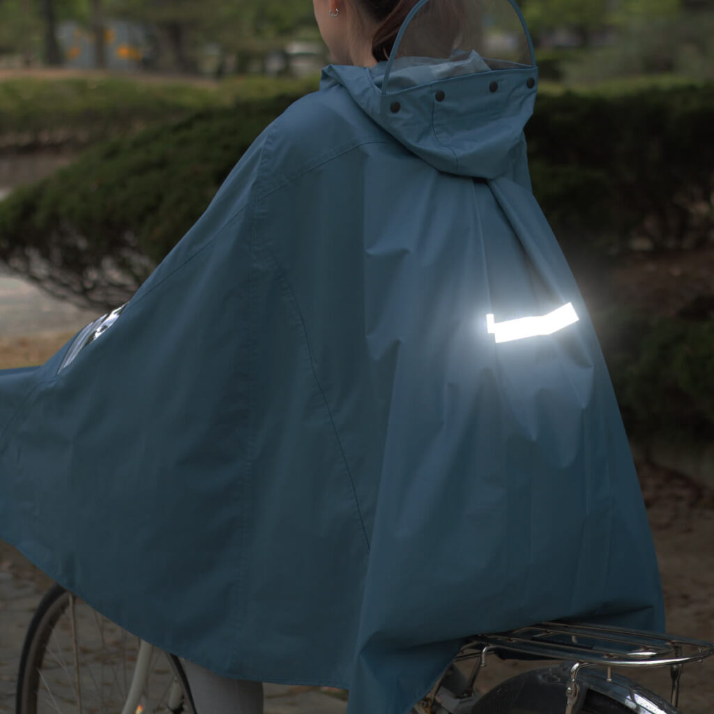 ポンチョの胸元と背中には反射マークが付いており、夜間でも視認されやすく安全です。
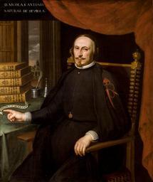 | Keywords: Nicolas Antonio.jpg El erudito sevillano Nicolás Antonio 1617-1684 estudió Artes Liberales en el colegio de Santo Tomás en 1635 pasando luego a Salamanca y Roma De regreso en Sevilla comenzó a redactar su obra más famosa Bibliotheca hispana vetus en 1672 y Bibliotheca hispana nova en 1696 que eran un índice de los escritores españoles desde el emperador Augusto hasta el siglo XVII Y en esta obra aparece vestido con un traje negro y luciendo la cruz roja de la Orden de Santiago en la que el erudito obtuvo un hábito en 1645 por concesión del rey Felipe IV de España Siglo XVIII oil canvas Size cm 104 125 Institution Casa consistorial de Sevilla Vestíbulo de la planta alta de la Casa consistorial de Sevilla http //patrimoniumhispalense com/es/espacio/casa-consistorial/retrato-nicolas-antonio object history exhibition history credit line accession number http //patrimoniumhispalense com/es/espacio/casa-consistorial/retrato-nicolas-antonio PD-old-100 Uploaded with UploadWizard Nicolás Antonio Paintings in the Town hall of Seville Andalusia in the 18th century Domingo Martínez |
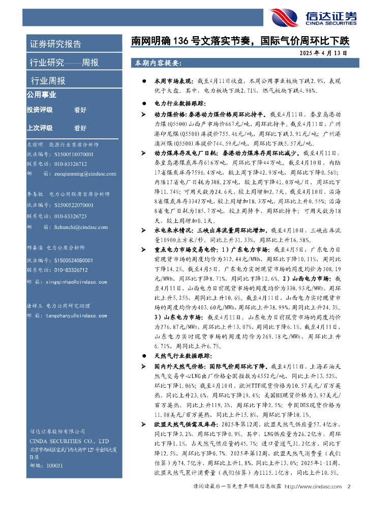 信达证券:公用事业—电力天然气周报:南网明确136号文落实节奏,国际气价周环比下跌.pdf
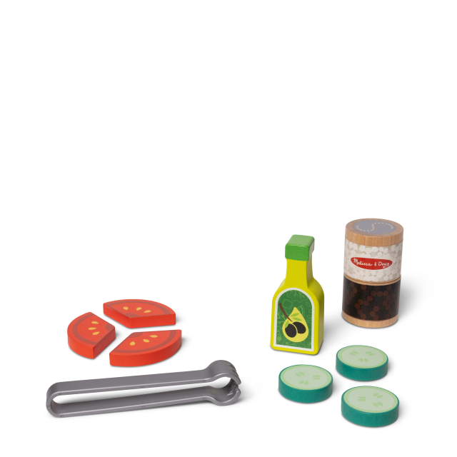 Mescola, condisci, gioca! I 28 pezzi realistici rendono l’insalatiera un’esplosione di divertimento. La lattuga è in tessuto con foglie staccabili, le verdure come peperoni e cetrioli sono in feltro e i crostini in legno. Include anche una ciotola capiente, cestello per mescolare e coperchio in legno per la centrifuga. Non manca nemmeno il condimento! Il set include un macinino di sale e pepe girevole in legno e una bottiglia di olio d’oliva. Per servire il tutto, ci sono una pratica pinza e una scheda riutilizzabile con attività. Un vero spasso da “condire” ogni giorno!
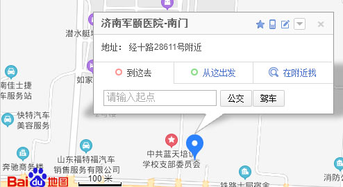 医院地址:济南市槐荫区经十路28611号 市区乘坐公交车到院:7、19、20、38、78、126、K56、K156、K157公交车到"军颐医院(明星小区站)"下车往回走50米即可。 医院免费咨询电话:0531-87183993 门诊时间:早8:00-晚20:00节假日不休
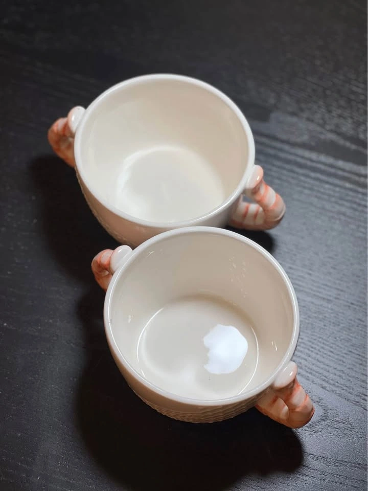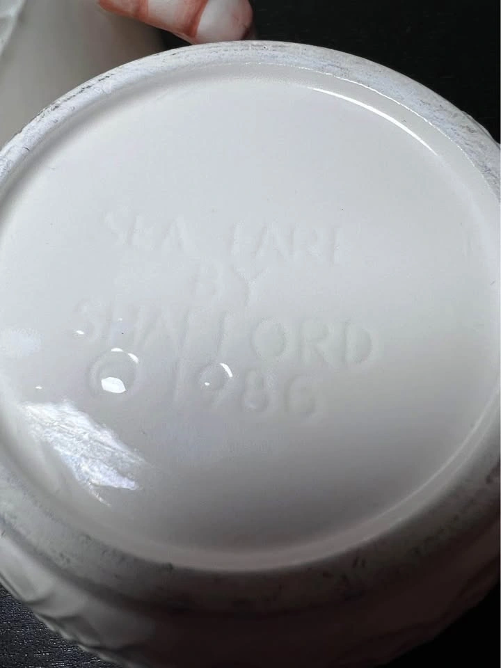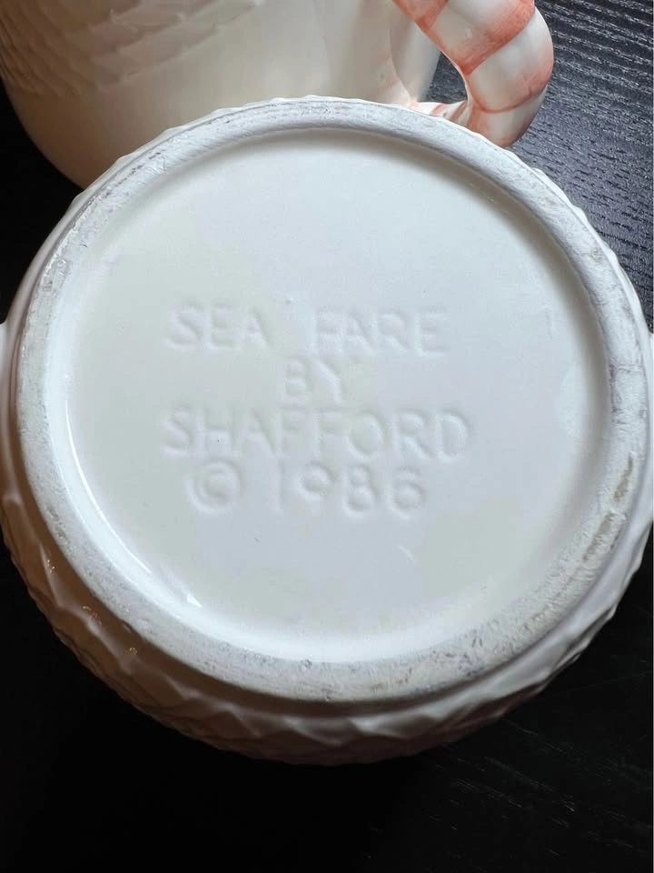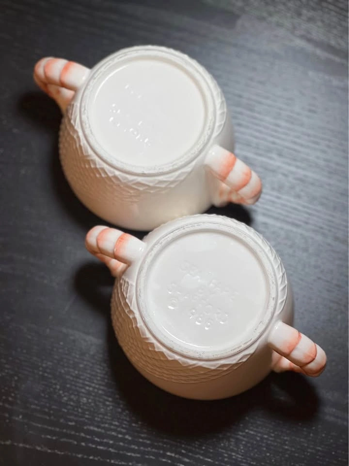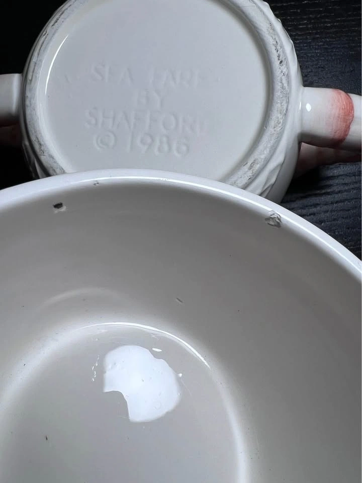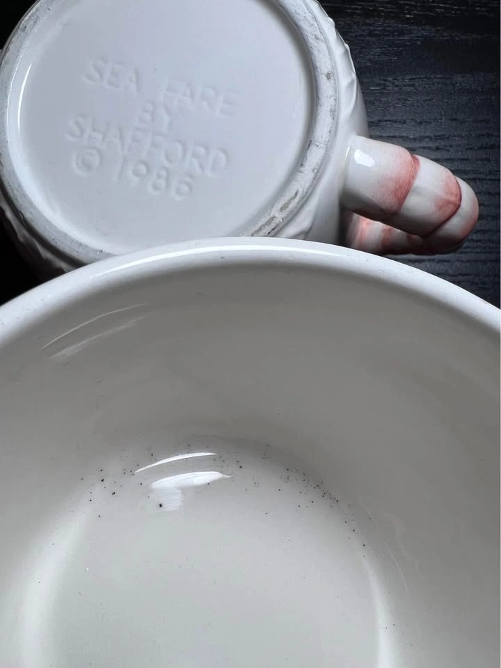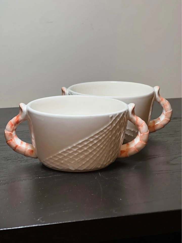 98Shafford Sea Fare shrimp tail bowls are vintage porcelain soup bowls from the 1980s. These collectible items feature distinctive pink trompe l'œil shrimp tail handles and a white body with a subtle fishing net or basketweave pattern. Brand/Collection: Shafford Sea Fare. Material: Ceramic or porcelain. Origin: Made in Japan. Year: 1986. Features: Hand-painted, double-handled design with shrimp tails. Capacity: Each bowl holds approximately 12 ounces. Some imperfections as seen in photos. Sold as is
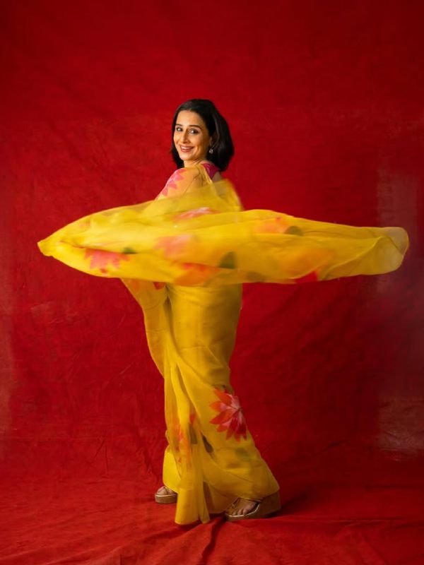 তৃতীয়ায় বিদ্যা বেছে নিয়েছিলেন হলুদ রঙের একটি অরগ্যাঞ্জা শাড়ি। দুর্গা পুজোয় ১০৮ পদ্ম দিয়ে পুজো দেওয়া হয়। বিদ্যার উজ্জ্বল হলুদ অরগ্যাঞ্জায় প্রস্ফুটিত পদ্মফুল হাতে আঁকা হয়েছে। ছড়িয়ে ছিটিয়ে রয়েছে পদ্মপাতা। আর তার উপর টলটলে জলের বিন্দু তৈরি করেছে কুন্দনের উজ্জ্বল পাথর। হলুদ শাড়িটি বিদ্যা পরেছেন গাঢ় গোলাপি রঙের ব্লাউজ় দিয়ে। কানে জলের বড় ফোঁটার মতো দেখতে কুন্দনের ড্যাঙ্গলার ইয়াররিং। পায়ে সোনালি কোলাপুরি চপ্পল। বাহুল্যহীন সাজ। তবু খোলা চুলে তাতেই অনন্যা বিদ্যা।

----

- [WORK INSTRUCTIONS]:
Print all records verbatim, excluding pictures.

- [EXERCISE ANSWER]:
 ポンチョの胸元と背中には反射マークが付いており、夜間でも視認されやすく安全です。
 | Keywords: Nicolas Antonio.jpg El erudito sevillano Nicolás Antonio 1617-1684 estudió Artes Liberales en el colegio de Santo Tomás en 1635 pasando luego a Salamanca y Roma De regreso en Sevilla comenzó a redactar su obra más famosa Bibliotheca hispana vetus en 1672 y Bibliotheca hispana nova en 1696 que eran un índice de los escritores españoles desde el emperador Augusto hasta el siglo XVII Y en esta obra aparece vestido con un traje negro y luciendo la cruz roja de la Orden de Santiago en la que el erudito obtuvo un hábito en 1645 por concesión del rey Felipe IV de España Siglo XVIII oil canvas Size cm 104 125 Institution Casa consistorial de Sevilla Vestíbulo de la planta alta de la Casa consistorial de Sevilla http //patrimoniumhispalense com/es/espacio/casa-consistorial/retrato-nicolas-antonio object history exhibition history credit line accession number http //patrimoniumhispalense com/es/espacio/casa-consistorial/retrato-nicolas-antonio PD-old-100 Uploaded with UploadWizard Nicolás Antonio Paintings in the Town hall of Seville Andalusia in the 18th century Domingo Martínez |
 信达证券:公用事业—电力天然气周报:南网明确136号文落实节奏,国际气价周环比下跌.pdf
 Mescola, condisci, gioca! I 28 pezzi realistici rendono l’insalatiera un’esplosione di divertimento. La lattuga è in tessuto con foglie staccabili, le verdure come peperoni e cetrioli sono in feltro e i crostini in legno. Include anche una ciotola capiente, cestello per mescolare e coperchio in legno per la centrifuga. Non manca nemmeno il condimento! Il set include un macinino di sale e pepe girevole in legno e una bottiglia di olio d’oliva. Per servire il tutto, ci sono una pratica pinza e una scheda riutilizzabile con attività. Un vero spasso da “condire” ogni giorno!
 医院地址:济南市槐荫区经十路28611号 市区乘坐公交车到院:7、19、20、38、78、126、K56、K156、K157公交车到"军颐医院(明星小区站)"下车往回走50米即可。 医院免费咨询电话:0531-87183993 门诊时间:早8:00-晚20:00节假日不休
 98Shafford Sea Fare shrimp tail bowls are vintage porcelain soup bowls from the 1980s. These collectible items feature distinctive pink trompe l'œil shrimp tail handles and a white body with a subtle fishing net or basketweave pattern. Brand/Collection: Shafford Sea Fare. Material: Ceramic or porcelain. Origin: Made in Japan. Year: 1986. Features: Hand-painted, double-handled design with shrimp tails. Capacity: Each bowl holds approximately 12 ounces. Some imperfections as seen in photos. Sold as is
 তৃতীয়ায় বিদ্যা বেছে নিয়েছিলেন হলুদ রঙের একটি অরগ্যাঞ্জা শাড়ি। দুর্গা পুজোয় ১০৮ পদ্ম দিয়ে পুজো দেওয়া হয়। বিদ্যার উজ্জ্বল হলুদ অরগ্যাঞ্জায় প্রস্ফুটিত পদ্মফুল হাতে আঁকা হয়েছে। ছড়িয়ে ছিটিয়ে রয়েছে পদ্মপাতা। আর তার উপর টলটলে জলের বিন্দু তৈরি করেছে কুন্দনের উজ্জ্বল পাথর। হলুদ শাড়িটি বিদ্যা পরেছেন গাঢ় গোলাপি রঙের ব্লাউজ় দিয়ে। কানে জলের বড় ফোঁটার মতো দেখতে কুন্দনের ড্যাঙ্গলার ইয়াররিং। পায়ে সোনালি কোলাপুরি চপ্পল। বাহুল্যহীন সাজ। তবু খোলা চুলে তাতেই অনন্যা বিদ্যা।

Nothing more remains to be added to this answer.